The influence of sensitivity δ on the ASI curve is demonstrated as follows. Under the condition where ε = 0.005, we test various

N / N_{t o t a l}

values to assess their effect. In our actual experiments, we conduct tests on the first three benign datasets and the last three malicious datasets from the campus network dataset, and plots of the ASI curve within this range. The resulting shape of the ASI curve is shown in Figure 7. In addition to the visual representation of the ASI curve, we measured the corresponding ASI values, which are presented in Table 9.

In fact, when the ASI threshold is set to 0.55, the sensitivity δ does not significantly impact the final detection results. The role of sensitivity is mainly to determine whether the ASI values around the anomaly threshold provide a stronger reference value. Therefore, based on the comprehensive analysis, we select ε = 0.005 and δ = 0.001, and an ASI anomaly threshold of 0.55 for the subsequent experiments. This configuration ensures that the system can effectively detect anomalies while maintaining a balance between sensitivity and accuracy in distinguishing benign and malicious provenance graphs.

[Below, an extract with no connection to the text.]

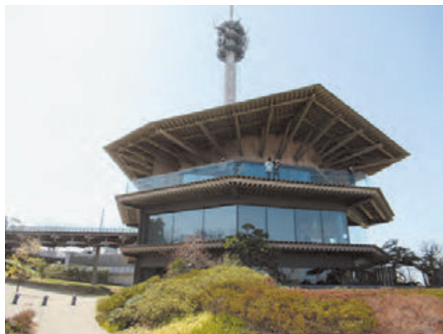
▲富士山から静岡市街地まで見渡せる日本平夢テラス

久能山東照宮を降りたところには、石垣いちご農園が広がり、いちごの食べ放題を満喫。来年度の行先に期待を膨らませながら、無事に帰路につきました。

4.2.3. Sylph vs. Other APT Detection Methods

We test the accuracy and precision of four detection methods across four datasets, with the results shown in Figure 8. From the figure, it is evident that Sylph performs well on all four datasets, achieving accuracy rates of 0.98, 0.91, 0.79, and 0.94. The reasons for this performance, analyzed in conjunction with the datasets, are as follows:

StreamSpot Dataset: As shown in Table 5, the average number of nodes between malicious and benign samples is quite similar; however, the average number of edges in the malicious provenance graphs is significantly lower. This structural difference between malicious and benign provenance graphs is notable. Except for ProvDetector, all detection tools show good results. Sylph is able to embed the semantic attributes of malicious provenance graphs into its model, achieving detection performance similar to Unicorn. However, while Unicorn analyzes the entire provenance graph—which incurs high computational overhead—Sylph efficiently partitions the graph into subgraphs.
Unicorn Dataset: In this dataset, attackers possess prior knowledge of the system, resulting in more stealthy behaviors compared to other datasets. In most attack graphs, the number of malicious nodes in the Unicorn dataset is fewer than ten, and the number of nodes and edges is similar to that of benign graphs. Sylph addresses this by utilizing time forgetting rates to partition the provenance graph into subgraphs, increasing the number of subgraphs that contain malicious nodes and thereby balancing the dataset, which leads to effective detection. Additionally, StreamSpot struggles with provenance graphs that contain too many edges, making it ineffective for the Unicorn dataset. In contrast, Sylph divides the provenance graph into smaller subgraphs, ensuring that even with many edges, the increase in detection time remains linear.
Campus Network Dataset: The number of nodes and edges in the benign and malicious provenance graphs lies between those of the StreamSpot and Unicorn datasets. Since we introduced attacks that were not encountered in StreamSpot and Unicorn, the detection performance of those methods was lower. However, Sylph’s capability to detect previously unknown APT attacks resulted in the best detection outcomes in this case.

To further evaluate the performance of Sylph, we calculated its False Positive Rate (FPR) across four datasets and compared it with three state-of-the-art APT detection systems: StreamSpot, Unicorn, and ProvDetector. The results are summarized in Table 10.

As shown in the table, Sylph achieves consistently low FPRs across most datasets. In particular, it achieves a 0.44% FPR on the StreamSpot dataset, which is comparable to Unicorn (0.24%) and significantly lower than StreamSpot’s own baseline (6.92%) and ProvDetector (4.92%). On the Unicorn SC-2 and Campus Network datasets, Sylph also shows improved performance with FPRs of 4.67% and 8.47%, respectively—lower than Unicorn’s 16.65% and 10.88%, and considerably better than ProvDetector’s 6.75% and 57.88%. These results demonstrate that Sylph not only maintains high detection accuracy but also effectively reduces false alarms, making it a more practical and analyst-friendly solution for real-world APT detection scenarios.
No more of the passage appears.